Valda Rose Aveling OBE (16 May 192021 November 2007) was an Australian pianist, harpsichordist and clavichordist.  Her repertoire was very wide, including composers as diverse as William Byrd, Jan Sweelinck, Sergei Rachmaninoff and Béla Bartók.

Valda Aveling was born in Sydney, the youngest of four girls and a boy, and showed great talent at an early age.   At 16 she received teaching and performing diplomas from the NSW Conservatorium of Music, and performed in the Sydney Eisteddfod in 1935 where she won the Sydney Eisteddfod Australian Women's Weekly 100-pound pianoforte scholarship for the most talented juvenile pianist.  She then left for Britain to study harpsichord and clavichord with Violet Gordon-Woodhouse.  She returned in 1938 to make her piano debut under Malcolm Sargent, at the Sydney Town Hall.  In one concert in Manila, she played Tchaikovsky's Piano Concerto No. 1, Rachmaninoff's Piano Concerto No. 2 and Beethoven's Emperor Concerto.  She later came to dislike Beethoven's music, saying there was "nothing light in it".

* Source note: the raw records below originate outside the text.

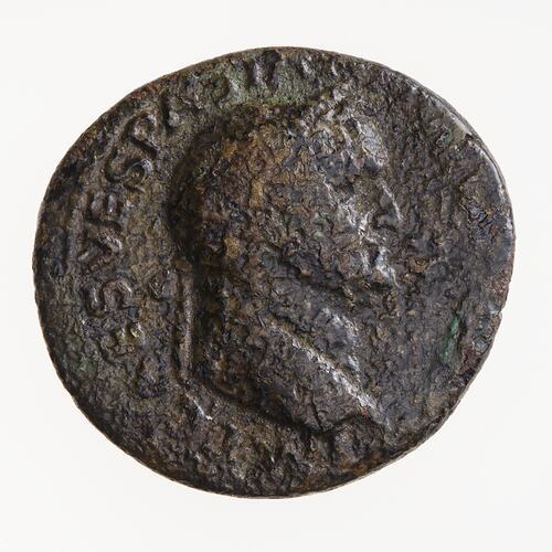 Laureate bust of Vespasian facing right; around, IMP CAES VESPASIA[N AVG COS III]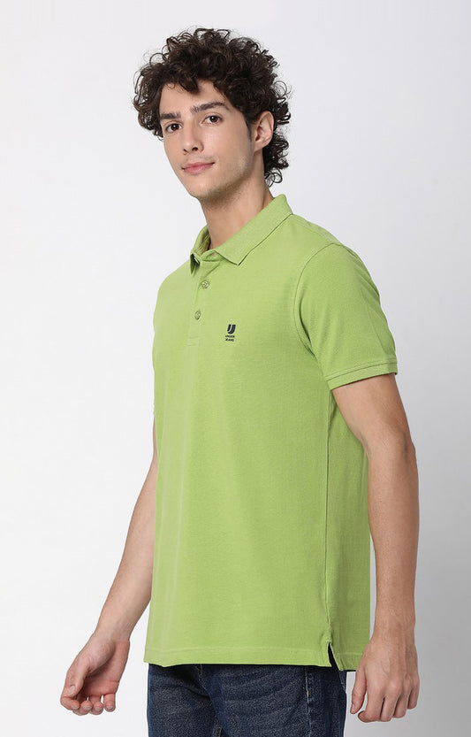 Men Spinach Green Cotton Polo T-Shirts- UnderJeans by Spykar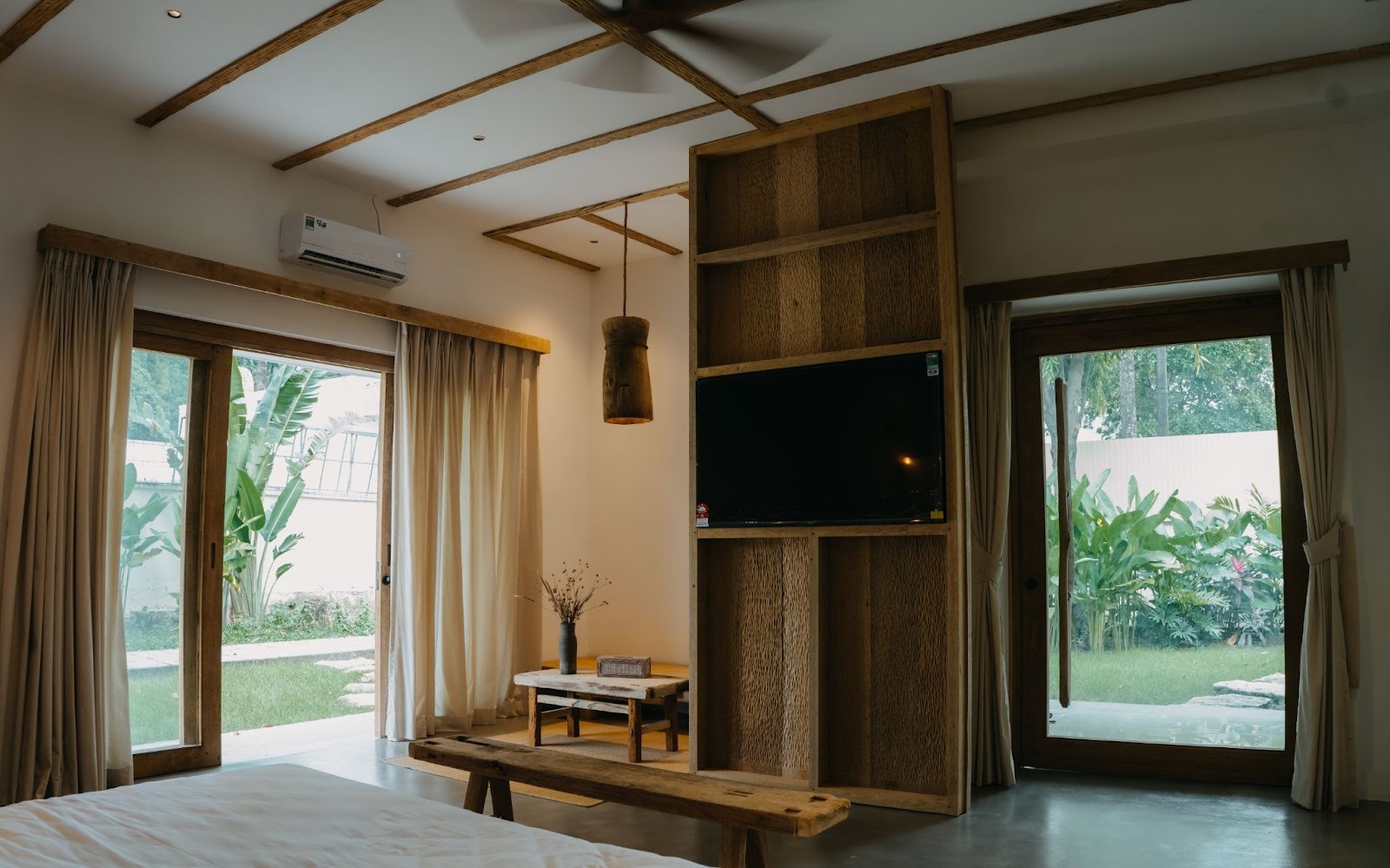 Private Garden Room được xem là “viên ngọc ẩn” của Ecolodge – chỉ có duy nhất 1 phòng và nằm tách nhẹ khỏi cụm phòng còn lại, mang lại sự riêng tư tuyệt đối. Phòng có cửa kính lớn hướng thẳng ra vườn, giúp ánh nắng tràn vào mỗi sáng và tạo cảm giác mở rộng không gian.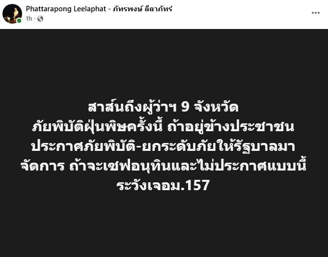ต่อมา สส.ตี๋ โพสต์อีกว่า สาส์นถึงผู้ว่าฯ 9 จังหวัด ภัยพิบัติฝุ่นพิษครั้งนี้ ถ้าอยู่ข้างประชาชน ประกาศภัยพิบัติ-ยกระดับภัยให้รัฐบาลมาจัดการ ถ้าจะเซฟอนุทินและไม่ประกาศแบบนี้ ระวังเจอม.157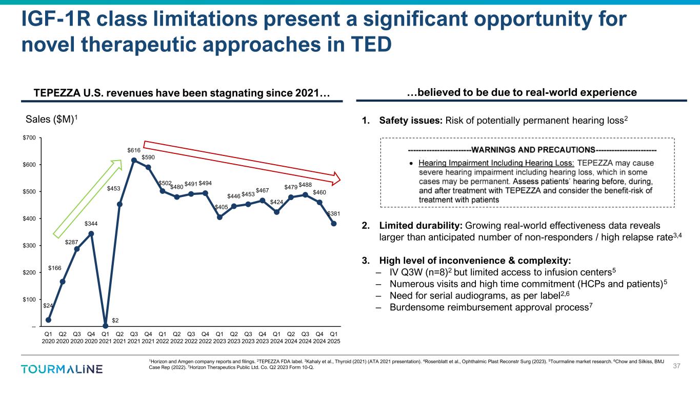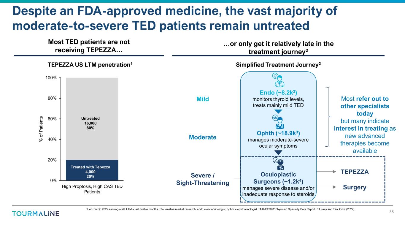 $24 $166 $287 $344 $2 $453 $616 $590 $502 $480 $491 $494 $405 $446 $453 $467 $424 $479 $488 $460 $381 -- $100 $200 $300 $400 $500 $600 $700 Q1 2020 Q2 2020 Q3 2020 Q4 2020 Q1 2021 Q2 2021 Q3 2021 Q4 2021 Q1 2022 Q2 2022 Q3 2022 Q4 2022 Q1 2023 Q2 2023 Q3 2023 Q4 2023 Q1 2024 Q2 2024 Q3 2024 Q4 2024 Q1 2025 1. Safety issues: Risk of potentially permanent hearing loss2 2. Limited durability: Growing real-world effectiveness data reveals larger than anticipated number of non-responders / high relapse rate3,4 3. High level of inconvenience & complexity: – IV Q3W (n=8)2 but limited access to infusion centers5 – Numerous visits and high time commitment (HCPs and patients)5 – Need for serial audiograms, as per label2,6 – Burdensome reimbursement approval process7 1Horizon and Amgen company reports and filings. 2TEPEZZA FDA label. 3Kahaly et al., Thyroid (2021) (ATA 2021 presentation). 4Rosenblatt et al., Ophthalmic Plast Reconstr Surg (2023). 5Tourmaline market research. 6Chow and Silkiss, BMJ Case Rep (2022). 7Horizon Therapeutics Public Ltd. Co. Q2 2023 Form 10-Q. IGF-1R class limitations present a significant opportunity for novel therapeutic approaches in TED 37 Sales ($M)1 TEPEZZA U.S. revenues have been stagnating since 2021… …believed to be due to real-world experience

In 1947 she toured Australia for the Australian Broadcasting Commission but returned to Britain by the early 1950s.  For the next 30 years she appeared at major British festivals such as the Proms, and throughout the Far East, Europe, and North America.

She was active as a harpsichordist before the emergence of the early music movement and commissioned works for the instrument from living composers.  She was the first to give amplified recitals on the clavichord.  She taught at Trinity College of Music, London, and made numerous recordings. Among her notable pupils was pianist Howard Brown.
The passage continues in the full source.